# CI new Make a offer



## jam (Dec 29, 2007)

I made a offer of 35.00 for this Cao ashtray from CI has a new program called make a offer. I love it its big between my cigars and my wifes Cigs should be plenty of room 
by the way the cigar in there is big jims White label i am not a big conneticut wrapper person this is a great cigar ,great white ash and i have to say there hasnt been many cigars i have bought that came with perfect humidity not spongy perfect and the a perfect burn i didnt have to touch it up at all.
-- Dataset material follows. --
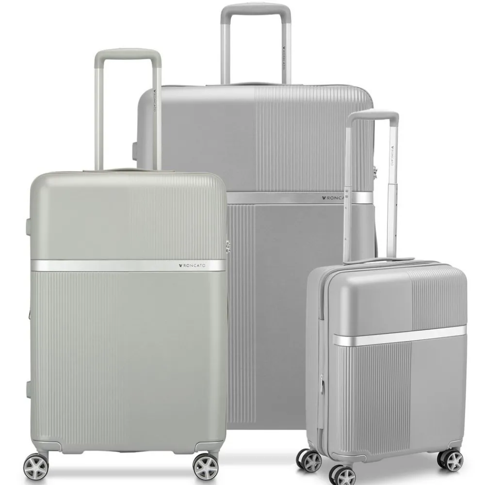 Set 3 Trolley espandibili Roncato AirGlam. Trolley realizzato in robusto policarbonato/ABS, 4 ruote doppie piroettanti per la massima manovrabilità , carrello di traino telescopico con push botton, chiusura a tripla combinazione con sistema TSA per gli Stati Uniti, zip di espansione che consente di aumentare la capacità a seconda delle necessità . Interno completamente foderato con divisorio e nastri per bloccare l’abbigliamento. Garanzia 3 anni.

I will be getting more of these for sure thanks again Big Jim


----------



## Bigfoot (Jun 25, 2007)

I love that ashtray!! congrats on the pickup


----------



## robisjebus (Feb 5, 2008)

Bigfoot said:


> I love that ashtray!!


nice plug bigfoot.



it is a nice ashtray. i never did get a hold of one.


----------



## DBCcigar (Apr 24, 2008)

You got that below cost!

SWEET!


----------



## suckapuff (Mar 30, 2008)

What is this make a deal thing. I have been eying that ashtray for months, but didn't want to use my cigar budget money on an ashtray.


----------



## Redbeard (Aug 7, 2006)

nice ashtray !! cant wait to try big jims blends !!!!!!!


----------



## smokem-cl (Aug 16, 2007)

Bigfoot said:


> I love that ashtray!! congrats on the pickup


:lol: you better!

Nice score there.


----------



## ngetal (Jul 6, 2008)

yeah, those look way coo... I'd love to pick up one sometime
great score!


----------



## LkyLindy (Feb 1, 2008)

I like it more than Bigfoot


----------



## cboor001 (Aug 6, 2008)

Nice score... great lookin tray!!


----------



## MaduroSmoke (Sep 21, 2008)

big fan of this tray!!


----------



## Paint (Mar 1, 2008)

Nice pick up Joe!!sweet tray


----------



## AdReNaLiN jUnKeE (Aug 19, 2008)

hey jam where is this make an offer option? i was looking for it on their site but i couldnt find it


----------



## jam (Dec 29, 2007)

Here is the link bro.............

http://www.cigarsinternational.com/make-me-an-offer/mmao.asp


----------



## EKGOTSKILLZZ (Jun 17, 2008)

nice grab jam


----------



## amateurke (Mar 28, 2008)

Great looking ashtray, Joe!! And a good cigar too!!


----------



## terrasco-cl (Mar 4, 2007)

Nice buy! Those fiends at CI have hatched another diabolical plan to siphon money out of my children's college fund...

Confound them!


----------



## MaduroLvr (Sep 19, 2008)

Very, very nice.


----------



## Doogie (Oct 15, 2007)

nice tray


----------



## Wingfan13-cl (Apr 30, 2007)

Wow....$35. I was going to get one a while back but they are too expensive. I see they are no longer on the MMAO site.


----------



## GreySmoke (Jan 11, 2008)

Guess I always bid too low I have not got anything I made an offer on yet.


----------



## MikeGates (Aug 22, 2008)

great pick up!


----------



## TOJE (Jan 1, 2000)

These are discontinued. Buy em up if you can find em.


----------



## Wingfan13-cl (Apr 30, 2007)

I bid on boxes of CAO Vision and my bid was too low.


----------



## howland1998 (Dec 17, 2007)

Real Nice tray!!! Did you see the GOF box of 80 sticks?


----------